13. The execute unit as recited in claim 1 wherein said integer operation is multiplication.

14. The execute unit as recited in claim 13 wherein said second circuit is an adder circuit configured to receive said second portion of said result from said second integer operation circuit.

15. The execute unit as recited in claim 14 further comprising a third integer operation circuit configured to produce a second result comprising a multiplication of said first portion of said first operand and said second portion of said second operation.

16. The execute unit as recited in claim 15 further comprising a third circuit coupled to said third integer operation circuit and said second circuit, said third circuit configured to select between said second result and a zero result, thereby producing a selected result, wherein said third circuit provides said selected result to said second circuit.

17. The execute unit as recited in claim 15 wherein said second circuit is configured to add said selected result to said second portion of said result, whereby said second portion of said result is provided if said zero result comprises said selected result.

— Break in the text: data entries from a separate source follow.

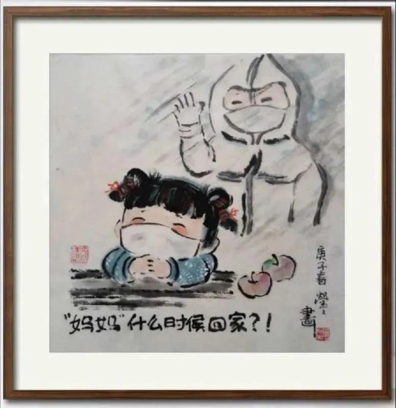 著名國(guó)畫(huà)品牌《中國(guó)娃娃》的作者、畫(huà)家楊瑩瑩創(chuàng)作了童心感人的《抗疫娃娃組畫(huà)》。談起創(chuàng)作緣起,她說(shuō):“2020年早春,我拿起筆,從孩子的視角看疫情,把我的所感、所想通過(guò)中國(guó)娃娃表達(dá)出來(lái)?!薄霸谶@次疫情中,孩子們經(jīng)歷了人間的大悲,也看到了人間的仁愛(ài)。他們天真無(wú)邪,童心異趣,充滿為人之初的真善。我用畫(huà)筆記下這段特殊的日子。”[2]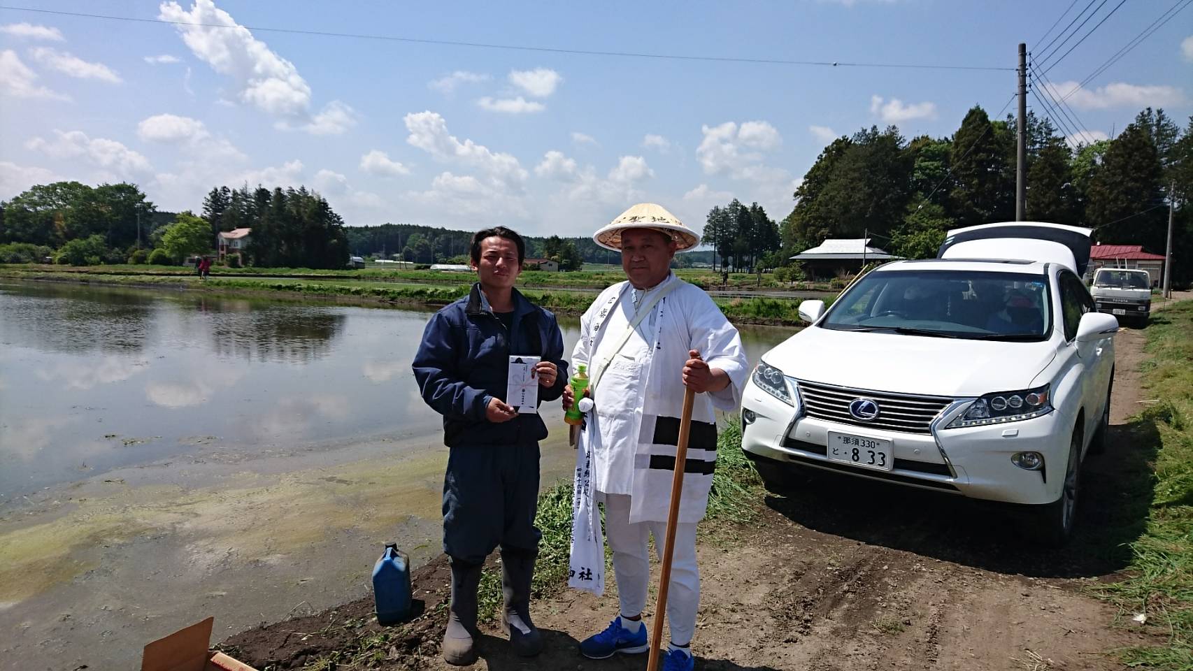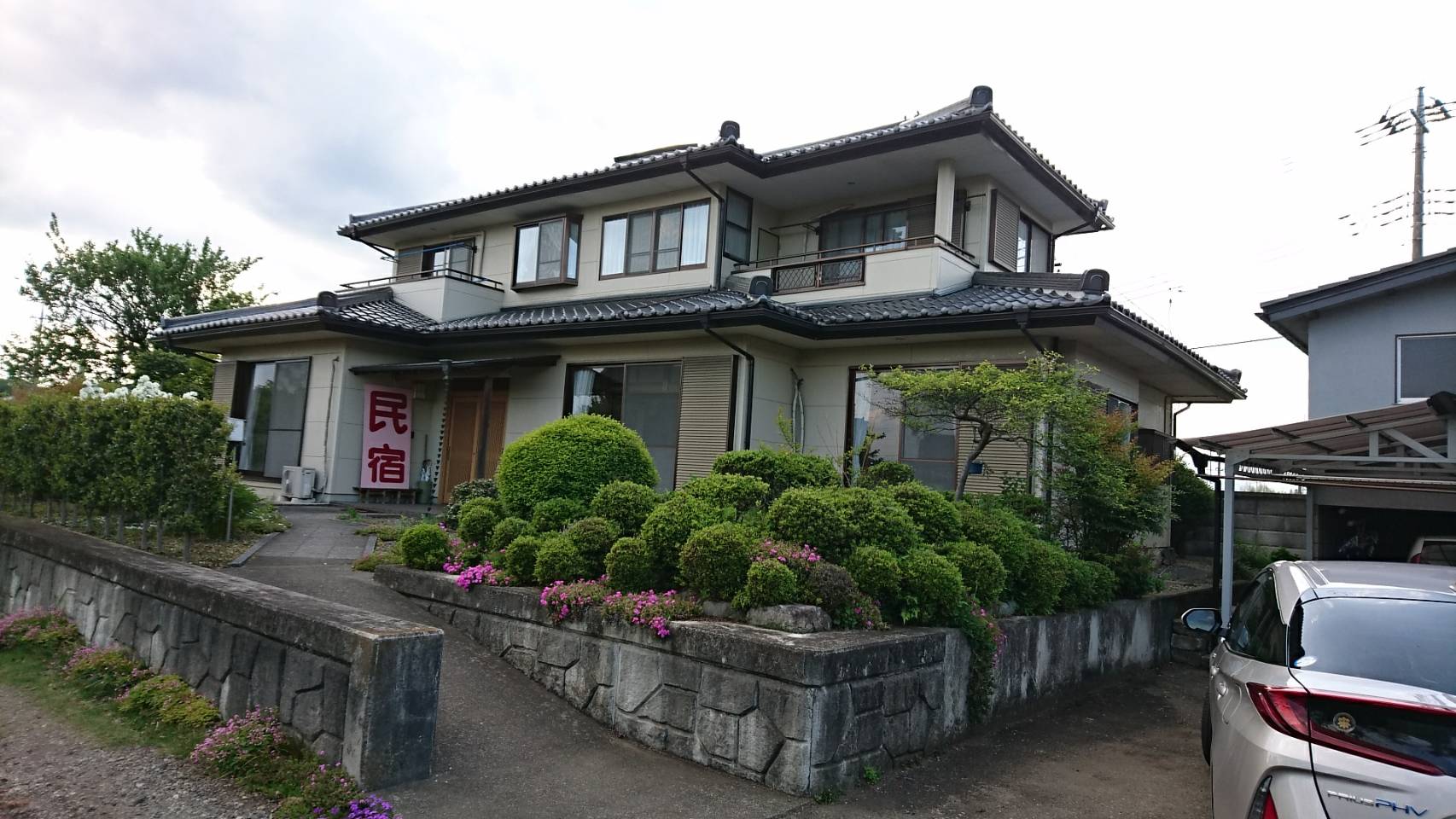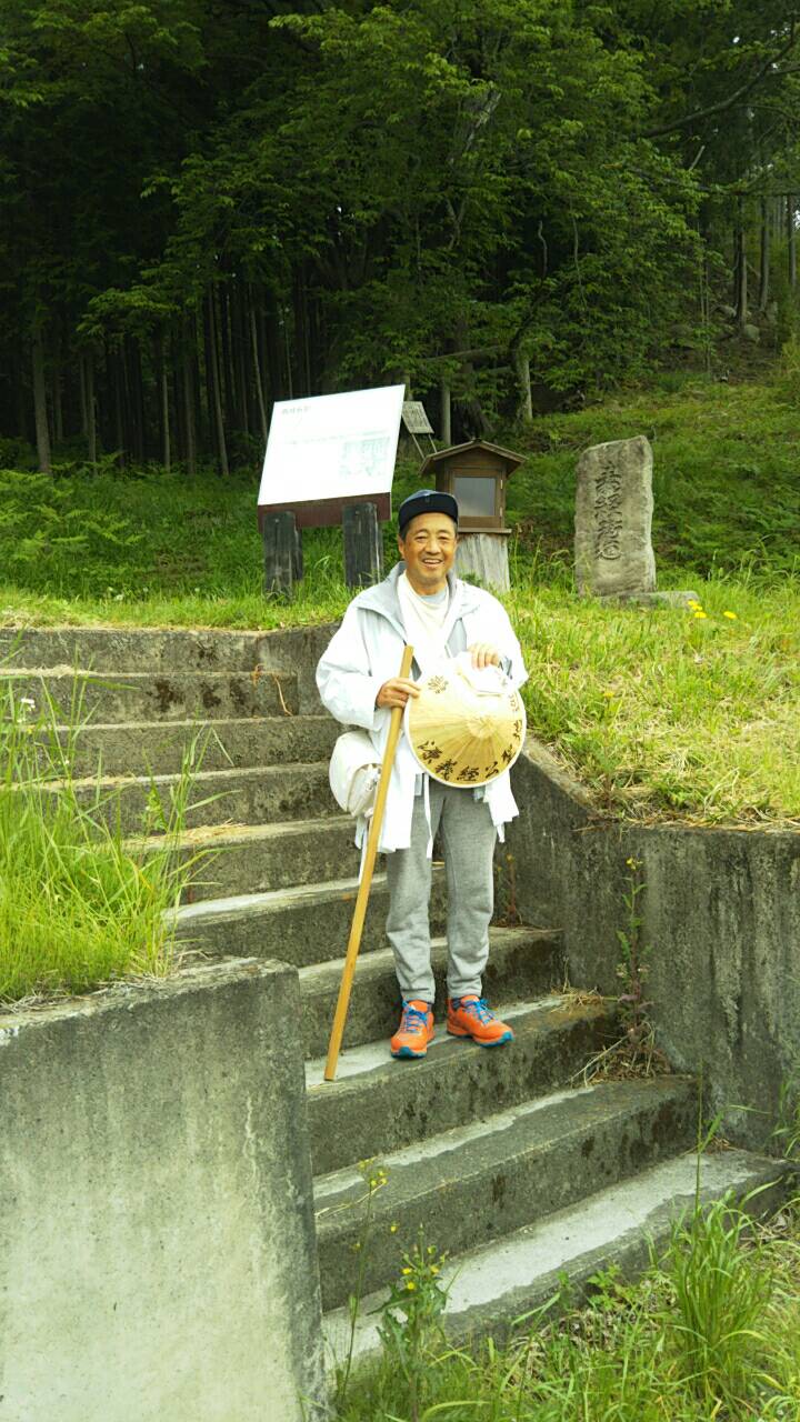小峯さんに交代。交互に歩いて行きます。道中で田植えをやっていたご家族にお茶を頂きました。乃木神社に立ち寄りご参拝して、本日目標の宿へたどり着きました。お疲れ様でした。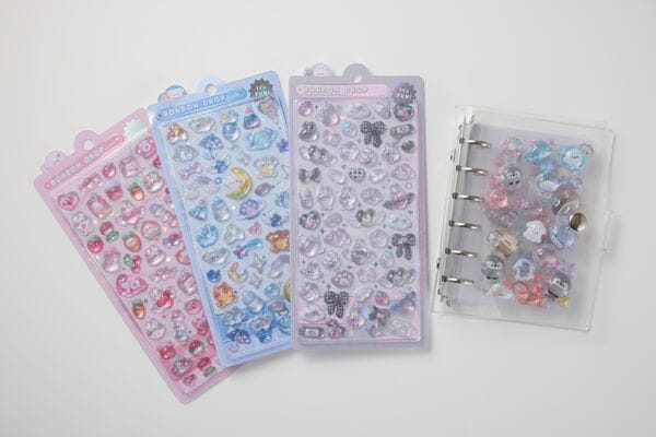 特徴的なのは、シールの立体感です。一般的なシールでは厚みをほとんど感じませんが、ボンボンドロップシールには2〜3ミリの厚みがあり、シールに描かれた絵やキャラクター、文字などがぷっくりと丸みを帯びて立体的に浮き上がっています。底部のシール部分と膨らんだ部分の両面に印刷が施されているのも特徴で、膨らんだ部分には樹脂が流し込まれています。光にかざすと、その樹脂部分が美しく光ります。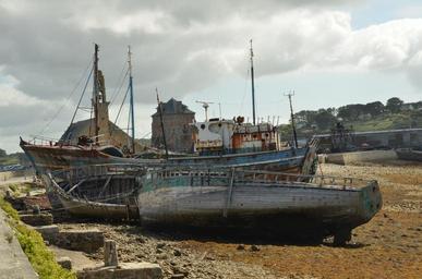 Keywords: boat ship wreck ship wreck ship graveyard expired rust tower tour vauban city village camaret-sur-mer brittany france

18. A method of operating a first integer operation circuit and a second integer operation circuit, comprising:

performing an integer operation upon a first operand and a second operand in said first integer operation circuit, thereby producing a first result;

performing said integer operation upon a third operand and a fourth operand in said second integer operation circuit, thereby producing a second result; and

modifying said second result using a circuit if a control signal from a control unit is deasserted, such that said first result and said second result comprise a third result indicative of performing said integer operation upon a fifth operand comprising said first and third operands and a sixth operand comprising said second and fourth operands, and wherein said first result and said second result are independent if said control signal is asserted.

19. The method as recited in claim 18 wherein said integer operation is addition.

20. The method as recited in claim 18 wherein said integer operation is multiplication.